The AGM-158 JASSM — Joint Air-to-Surface Standoff Missile — is the weapon that allows American fighters and bombers to kill targets they cannot safely approach. Built by Lockheed Martin, the JASSM is a stealthy, precision-guided cruise missile designed to be launched from beyond the range of enemy air defenses, fly autonomously to its target using GPS and an infrared seeker, and penetrate hardened facilities with a 450-pound warhead. The extended-range JASSM-ER variant can strike targets 575 miles from the launch aircraft. At roughly $1.3 million per round — less than a Tomahawk and a fraction of the cost of losing a manned aircraft — the JASSM has become the single most important standoff weapon in the American arsenal.
Why Standoff Matters
Modern integrated air defense systems — the Russian S-300 and S-400, and increasingly Chinese systems — can engage aircraft at ranges exceeding 200 miles. Any fighter or bomber that enters that engagement envelope risks being shot down before it can deliver its weapons.
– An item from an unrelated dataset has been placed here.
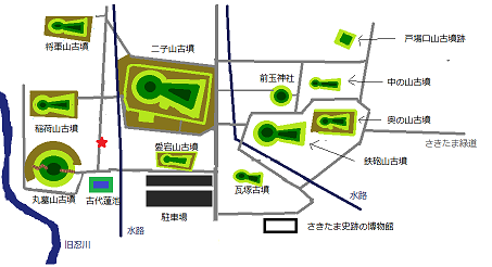 「古墳群の北エリア」 とうとう、『さきたま古墳群』の北側さ来た。 どの辺かわかりやすいように、地図さ描いてみたど。 らくがき地図なんで、細かいとこはちがうけど。 こんな感じで、古墳が広がってるとこなんだ、って わかってもらえると、いいな。 で、今回は、赤い星印の辺りのお話。 東南のほうへ、まっつぐ伸びる道。 綺麗な道だね。メイン道路かな? だども、 先が、め~ないど~。 古墳も、め~ないど~。 この先に『将軍山古墳』があるって、 パンフレットにゃ載ってるけんど。 ほんとにあんの?『将軍山古墳』にゃ、展示室があってな。 石室を再現した展示がしてあるって聞いたから、 見逃したくないんだけんど。 なんか、心配になってきたなぁ。 もしかして、知らないうちに、公園内から出ちゃったんかな? と、どきどきしながら進んでいくと あ、道の左側。 木の隙間から、なんか山みたいのが、め~る。 遠いし木が邪魔で、形がわからなかったんだけど。 たぶん古墳の一部だね。 さらに進むと 今度は間違いなく、古墳! これが有名な『丸墓山古墳』だな! って、どきっとしたんだけんど、 ほんとは『稲荷山古墳』でした。『丸墓山古墳』は、円墳。『稲荷山古墳』は、前方後円墳。 ぜんぜん形さ、ちがうんだけど。 この写真の位置からじゃ、円墳みたいにめ~るよね。 実物みんの、はじめてだし。 間違っちゃっても、しゃ~ないよね~。 それにしても、でっかい古墳だな~。 こんなの初めてみたよ。 それになんか、南側にあった『奥の山古墳』や『鉄砲山古墳』と、雰囲気違うような・・・ こっちさ、先に、みようかな~。 立ち止まって、古墳さ見つめる。 や~。うずうずしてくんね~。 いやいや、やっぱし。『将軍山古墳』が先だど。 さっき、決めたんべ? 自分に言い聞かせて、先さ進む。 と、こんな案内板が、道の右側にでてきた。 おお。今度はどんな古墳かな? ええ~と・・・これ、古墳? 山だんべ~? だども、道の右側は開けた広場になっててな。 他に古墳みたいな土山は、見当たんない。 だども、これ、どう見ても、2つの真ん丸な山にしかめ~ないよ。 これは・・・調査してみなきゃ、なんないな。 ということで、目的地変更。『二子山古墳』に向かって、進むことにした。 こんなん目にして、素通りなんて、出来ないよ。 迫力といい、存在感といい。 ただの山だったとしても、近寄ってみたくなる。 なんか、おいでおいでと、引っ張られてるような? 変な感じだな。 きっと、みんなも『二子山古墳』さ目にしたら、 素通り出来なくなるど! さてさて。 どんな古墳かな? 楽しみだな~。《参考》 埼玉県立 さきたま史跡の博物館 見学のしおり ガイドブック さきたま (将軍山古墳展示館で購入)******************************************************** 最後まで読んでもらって、うれしい~ど~♪ あんがと~。 ランキング参加中! ぽちっと 押しとこれ~!にほんブログ村 *********************************************************

For decades, the solution was to suppress enemy air defenses first — sending specialized aircraft to destroy radar sites and missile launchers before the strike package could safely pass through.
The JASSM offers a different solution: don't enter the envelope at all. A B-1B Lancer carrying 24 JASSMs internally can launch its entire payload from 575 miles away, well outside the range of any current air defense system. The missiles fly autonomously to their targets while the bomber turns for home. No crew is put at risk. No suppression of enemy air defenses is required. The JASSM turns every capable launch platform into a standoff strike aircraft.